Люсинда злобно зыркнула на Оону, и та, дрогнув, опустила голову.

– Нет, не легче! Хочешь потакать им, чтобы они и дальше деградировали?

– Эй, мы вовсе не… – возмутился Блез, но Люсинда оборвала и его:

– Занимайся!

Больше никто не произнес ни слова. Здравый смысл не мучил Габриэль, поэтому ей удалось, как он и советовал, приступить к дотошному повторению биологии – предмета, который она тоже любила, но чувствовала, что, ходя вокруг его глубинной сути – той, что не изучают в школе, – не может до неё добраться. Это злило её, распаляло и заставляло упрямо ломиться вперёд, но она даже представить себе не могла, в каком направлении ей следует двигаться. Она натыкалась на свои старые следы или на следы своих предшественников и бесилась, что не может придумать ничего нового. Она испытывала омерзительное чувство обиды на то, что родилась именно в такое время, когда всё вроде бы уже открыто и исследовано и тайн от человечества не осталось практически никаких. Ни одну из тех загадок, над которыми учёные бились, она не могла решить. Тогда она обзывала себя ущербной и умственно недоразвитой, даже билась головой о стену, если была одна в своей комнате, а Оона находилась где-нибудь внизу. Она мечтала родиться на пару столетий раньше… но вдруг осознавала, что и тогда не сумела бы совершить никаких выдающихся открытий, и окончательно падала духом.

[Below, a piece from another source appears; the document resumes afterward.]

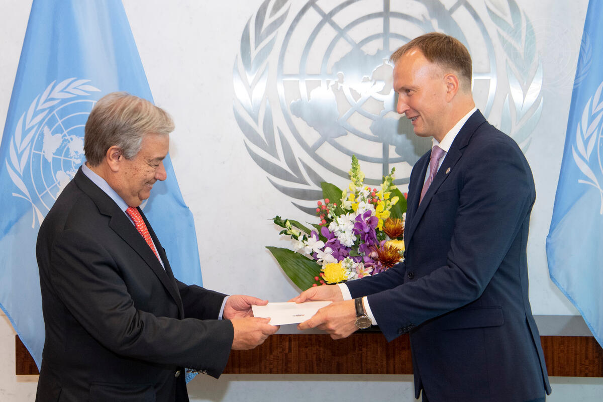 Andrejs Pildegovics (right), new Permanent Representative of the Republic of Latvia to the United Nations, presents his credentials to Secretary-General António Guterres.

«В чём же моя судьба? – растерянно подумала она. – Так и пройдёт моя жизнь в этом скучном и глупом городе, я ничего выдающегося не совершу, умру, и меня все забудут? Неужели у меня нет никакого таланта, который я сумела бы развить так, чтобы удивить мир? Я умею рисовать? Ну и что, это многие умеют, и я уверена, что он… Эстелл… умеет это куда лучше меня. А что ещё я могу? Я не исследовательница и не великий математик, тогда кто я? И что мне надлежит совершить? Неужели же ничего? Как это… обидно! Почему другие люди получают свыше какой-то особенный дар и достигают небывалых высот, почему слава и признание, бессмертие на страницах учебников и интерес историков приходят к кому-то другому, а не ко мне? Чем же я хуже них?.. Тем, что у меня нет таланта, и я, как Тэф сказал, „не умею смотреть на мир под другим углом“. Я пробовала – и что у меня получилось? Я только единственный раз попробовала выйти из границ, которые установила общественная мораль, но из этого получилась какая-то несуразная нелепица… теперь я люблю Эстелла вопреки общественной морали, и вопреки ей же имею какой-то странный и чуждый голос в своей голове. Чем это мне помогло? Что это мне подсказало? Выходит, я либо так и не сменила угол зрения, либо этот угол у меня какой-то неправильный».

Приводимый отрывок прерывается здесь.